Import two related datasets from TidyTuesday Project.
team_results <- readr::read_csv('https://raw.githubusercontent.com/rfordatascience/tidytuesday/master/data/2024/2024-03-26/team-results.csv')
## Rows: 236 Columns: 20
## ── Column specification ────────────────────────────────────────────────────────
## Delimiter: ","
## chr (3): TEAM, F4PERCENT, CHAMPPERCENT
## dbl (17): TEAMID, PAKE, PAKERANK, PASE, PASERANK, GAMES, W, L, WINPERCENT, R...
##
## ℹ Use `spec()` to retrieve the full column specification for this data.
## ℹ Specify the column types or set `show_col_types = FALSE` to quiet this message.
public_picks <- readr::read_csv('https://raw.githubusercontent.com/rfordatascience/tidytuesday/master/data/2024/2024-03-26/public-picks.csv')
## Rows: 64 Columns: 9
## ── Column specification ────────────────────────────────────────────────────────
## Delimiter: ","
## chr (7): TEAM, R64, R32, S16, E8, F4, FINALS
## dbl (2): YEAR, TEAMNO
##
## ℹ Use `spec()` to retrieve the full column specification for this data.
## ℹ Specify the column types or set `show_col_types = FALSE` to quiet this message.
Describe the two datasets:
Data1: public_picks
Data 2: team_results
team_results %>% select(TEAM, TEAMID) %>% sample_n(30)
## # A tibble: 30 × 2
## TEAM TEAMID
## <chr> <dbl>
## 1 Miami FL 113
## 2 UNC Greensboro 215
## 3 Saint Peter's 176
## 4 Holy Cross 75
## 5 Wisconsin 240
## 6 Seton Hall 181
## 7 BYU 25
## 8 Saint Joseph's 173
## 9 UTSA 223
## 10 Norfolk St. 134
## # ℹ 20 more rows
team_results_small <- team_results %>% select(TEAM, TEAMID) %>% sample_n(30)

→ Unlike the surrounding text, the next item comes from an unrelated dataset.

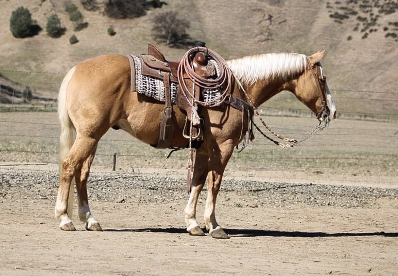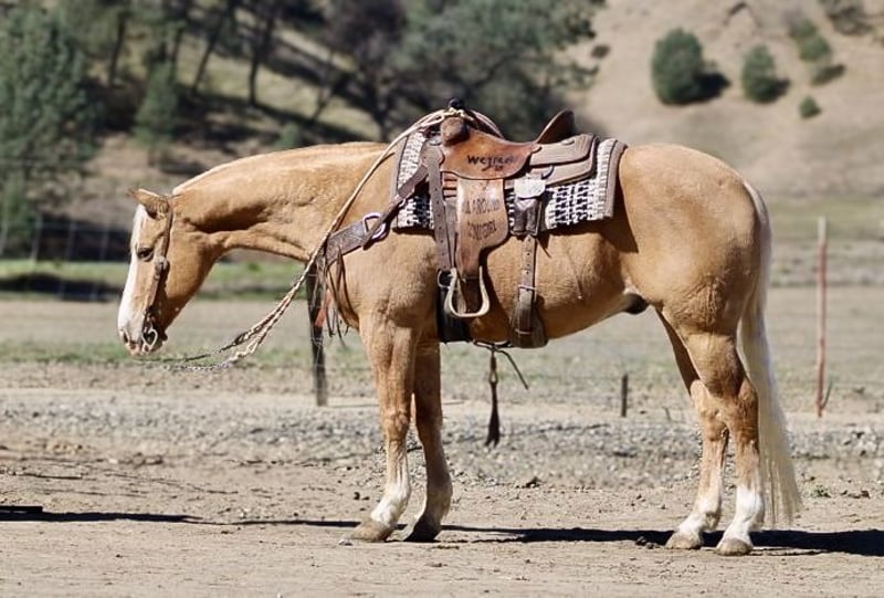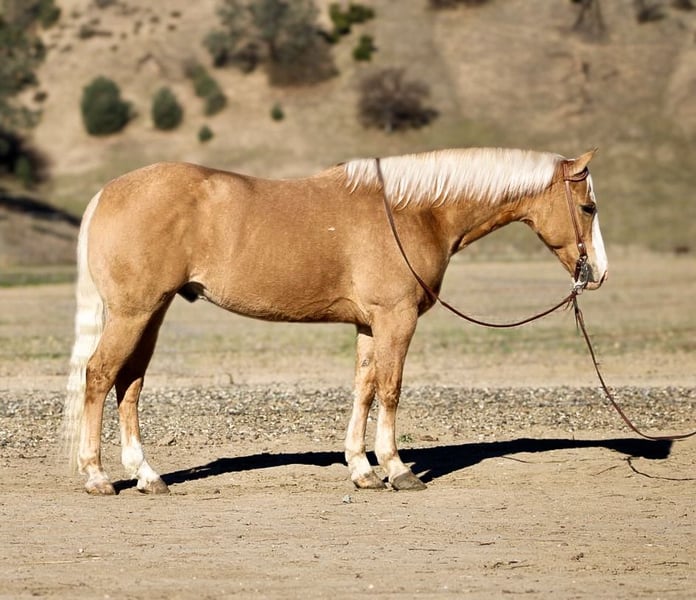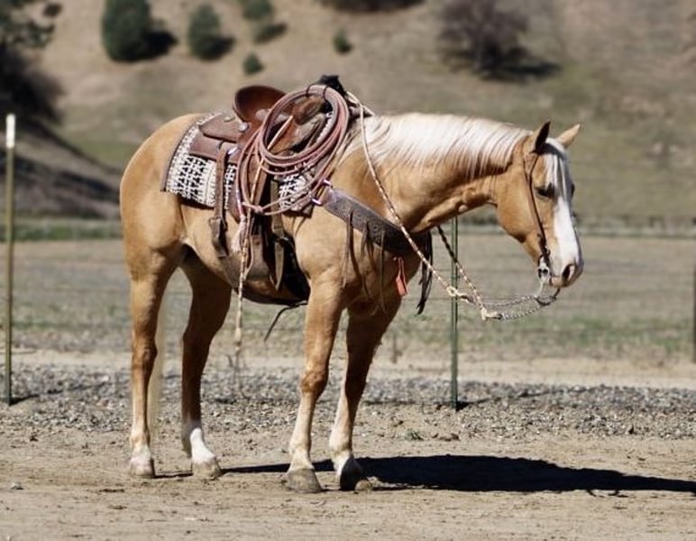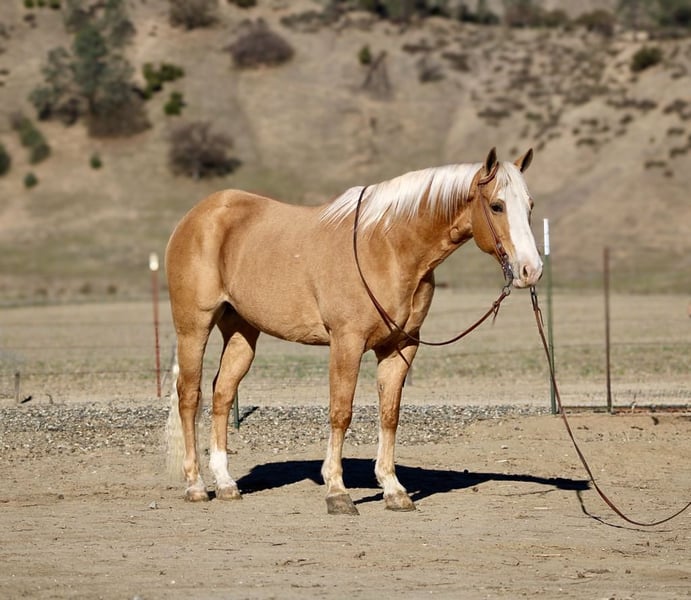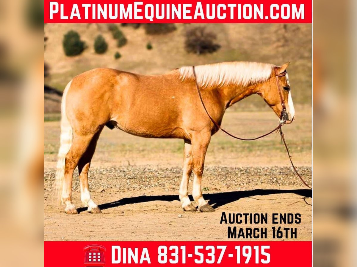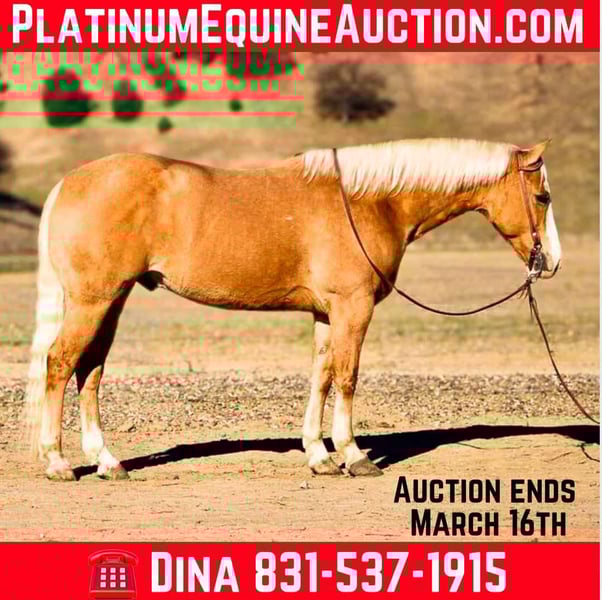 ONLINE AUCTION Place your bids at www.PlatinumEquineAuction.com Starting Bid $3500 Auction ends March 16th, 2025 Need a new saddle? Check out White Rock Saddles on our website or Facebook! Amaretto is the most stunning 7-year-old palomino gelding, standing at an impressive 15 hands. His striking golden coat, complemented by his beautiful blonde mane and tail, make him a true knockout in any setting. From his beauty to his confident demeanor, Amaretto exudes elegance and grace. Amaretto has been a joy to work with. He has proven himself on the trails, fearlessly navigating steep hills, logs, and even crossing rivers with ease. No obstacle is too daunting for this fearless gelding. In the arena, Amaretto’s progress has been equally impressive. He calmly picks up leads and transitions into a collected trot effortlessly. His stop and backup are smooth and precise, making him an absolute pleasure to ride. One of the most remarkable qualities of Amaretto is his willingness to please. He approaches new obstacles with confidence and takes them on without any fuss or hesitation. Whether it’s navigating through balls, tarps or bridges, Amaretto handles it all with grace and poise. In addition to being an exceptional riding partner, Amaretto also possesses excellent ground manners. He is easy to handle and stands quietly while being saddled or bridled. He clips without any issues and stands patiently for the farrier. This well-mannered gelding is truly a pleasure to be around. Amaretto’s potential knows no bounds in terms of discipline or adventure opportunities. With his calm demeanor and willingness to try anything asked of him, he has all the makings of a versatile horse that can take you anywhere you want to go whether it be trail riding in the mountains or competing in various disciplines at shows. Amaretto is equally content riding alone or in groups he simply thrives on human companionship regardless of the setting. His adaptability extends beyond just riding he stalls well but is equally content to be turned out in the pasture. If you are looking for a horse that will make an excellent partner and bring joy to your riding experience, Amaretto is the horse for you. Please contact Longhorn Ranch Dina at 831-537-1915, located in Paicines, CA. Experience firsthand the beauty and talent of this distinguished golden palomino gelding – it’s an opportunity not to be missed. ONLINE AUCTION Place your bids at www.PlatinumEquineAuction.com Starting Bid $3500 Auction ends March 16th, 2025 Need a new saddle? Check out White Rock Saddles on our website or Facebook!

public_picks %>% select(TEAM, YEAR) %>% sample_n(30)
## # A tibble: 30 × 2
## TEAM YEAR
## <chr> <dbl>
## 1 Stetson 2024
## 2 Clemson 2024
## 3 Alabama 2024
## 4 Iowa St. 2024
## 5 Saint Mary's 2024
## 6 TCU 2024
## 7 Kentucky 2024
## 8 Colgate 2024
## 9 Kansas 2024
## 10 Vermont 2024
## # ℹ 20 more rows
public_picks_small <- public_picks %>% select(TEAM, YEAR) %>% sample_n(30)
team_results_small
## # A tibble: 30 × 2
## TEAM TEAMID
## <chr> <dbl>
## 1 Lafayette 92
## 2 Morehead St. 125
## 3 Hampton 71
## 4 Dayton 45
## 5 Davidson 44
## 6 Princeton 165
## 7 Norfolk St. 134
## 8 Xavier 244
## 9 Wofford 241
## 10 Kent St. 89
## # ℹ 20 more rows
public_picks_small
## # A tibble: 30 × 2
## TEAM YEAR
## <chr> <dbl>
## 1 Saint Mary's 2024
## 2 McNeese St. 2024
## 3 Wisconsin 2024
## 4 South Dakota St. 2024
## 5 Kansas 2024
## 6 UAB 2024
## 7 Oakland 2024
## 8 Florida Atlantic 2024
## 9 Iowa St. 2024
## 10 Longwood 2024
## # ℹ 20 more rows
Describe the resulting data:
How is it different from the original two datasets?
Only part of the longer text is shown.